Global perspective Human stories

UN reports on opium, women and post-conflict environments win US awards

UN reports on opium, women and post-conflict environments win US awards

Need recommendations on sustainable ways of eliminating Afghanistan's opium trade, or handling the environmental consequences of the war in Iraq, or assessing the social protection of women in Asia? United Nations reports on these topics have won awards from the American Library Association's (ALA) Library Journal.

A fourth winner of a "Notable Government Document Awards 2003" is a report on HIV/AIDS and migrant populations in southern Africa, compiled by the International Organization for Migration (IOM).

A UN Office on Drugs and Crime (UNODC) publication, "The Opium Economy in Afghanistan: An International Problem," records not only the cultivation, production, finance, trade and consumption that have built the illicit economy, but also "the dynamics, the reasons for its success, its beneficiaries and victims, and the problems it had caused both at home and abroad."

UNODC Executive Director Antonio Maria Costa points out that the publication includes recommendations for breaking the economic hold of opium.
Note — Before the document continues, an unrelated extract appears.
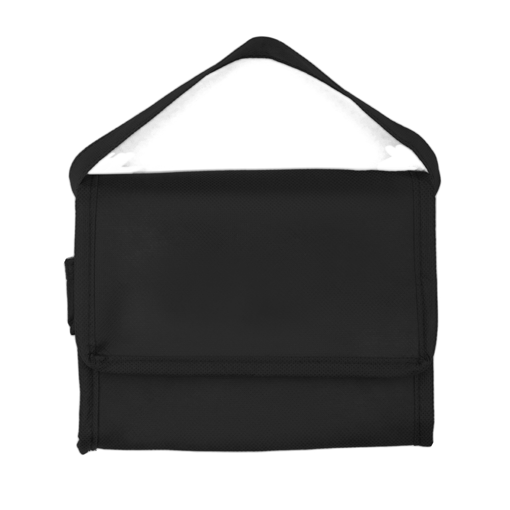 Bolsa térmica em TNT com 80g/m², interior costurado revestido em algodão e folha de alumínio.

They are: "to help poor farmers decide in favour of licit crops; to replace narco-usury with a proper credit system and micro-lending; to provide jobs to women and to itinerant workers; to provide education to children, particularly girls; to turn opium bazaars into modern commodity markets; and to neutralize traffickers' and warlords' efforts to keep the evil trade alive," he says.

The UN Environment Programme's (UNEP) "Desk Study on the Environment in Iraq," extrapolating from earlier conflicts, recommends tackling the environmental effects of the war as soon as practicable. Of particular concern are water and power supplies, sanitation problems and pollution spreading from war-damaged sites.

"Social Safety Nets for Women," a study by the Economic and Social Commission for Asia and the Pacific (ESCAP), looks at formal and informal social protections for women in China, Indonesia, Japan, Republic of Korea, Malaysia and Thailand.